## Directions for this task
Take the data below and extract the lines from the one with "Bracciale donna in" to the one with "12月5日下午2点,由共青团", inclusive, exactly as written.
Source data Start Marker
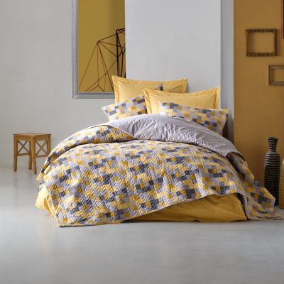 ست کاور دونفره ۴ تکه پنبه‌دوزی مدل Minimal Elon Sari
Source data End Marker
Source data Start Marker
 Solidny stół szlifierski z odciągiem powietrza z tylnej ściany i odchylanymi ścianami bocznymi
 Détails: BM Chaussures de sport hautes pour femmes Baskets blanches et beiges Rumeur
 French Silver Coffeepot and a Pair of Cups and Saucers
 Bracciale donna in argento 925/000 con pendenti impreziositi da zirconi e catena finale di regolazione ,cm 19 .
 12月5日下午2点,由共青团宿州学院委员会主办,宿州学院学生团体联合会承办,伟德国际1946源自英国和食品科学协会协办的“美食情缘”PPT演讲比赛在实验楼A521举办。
Source data End Marker
Source data Start Marker
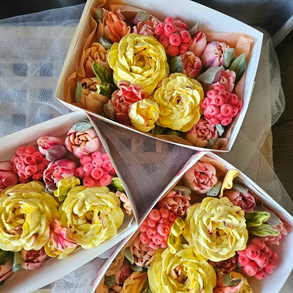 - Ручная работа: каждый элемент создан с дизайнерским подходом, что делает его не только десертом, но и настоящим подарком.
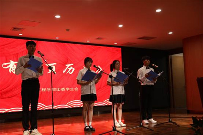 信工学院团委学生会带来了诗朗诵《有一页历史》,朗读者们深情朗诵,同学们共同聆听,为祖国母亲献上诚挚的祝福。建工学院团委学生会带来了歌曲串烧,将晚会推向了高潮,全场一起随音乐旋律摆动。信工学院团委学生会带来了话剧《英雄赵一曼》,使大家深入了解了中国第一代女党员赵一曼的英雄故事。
Source data End Marker
## The answer
 Bracciale donna in argento 925/000 con pendenti impreziositi da zirconi e catena finale di regolazione ,cm 19 .
 12月5日下午2点,由共青团宿州学院委员会主办,宿州学院学生团体联合会承办,伟德国际1946源自英国和食品科学协会协办的“美食情缘”PPT演讲比赛在实验楼A521举办。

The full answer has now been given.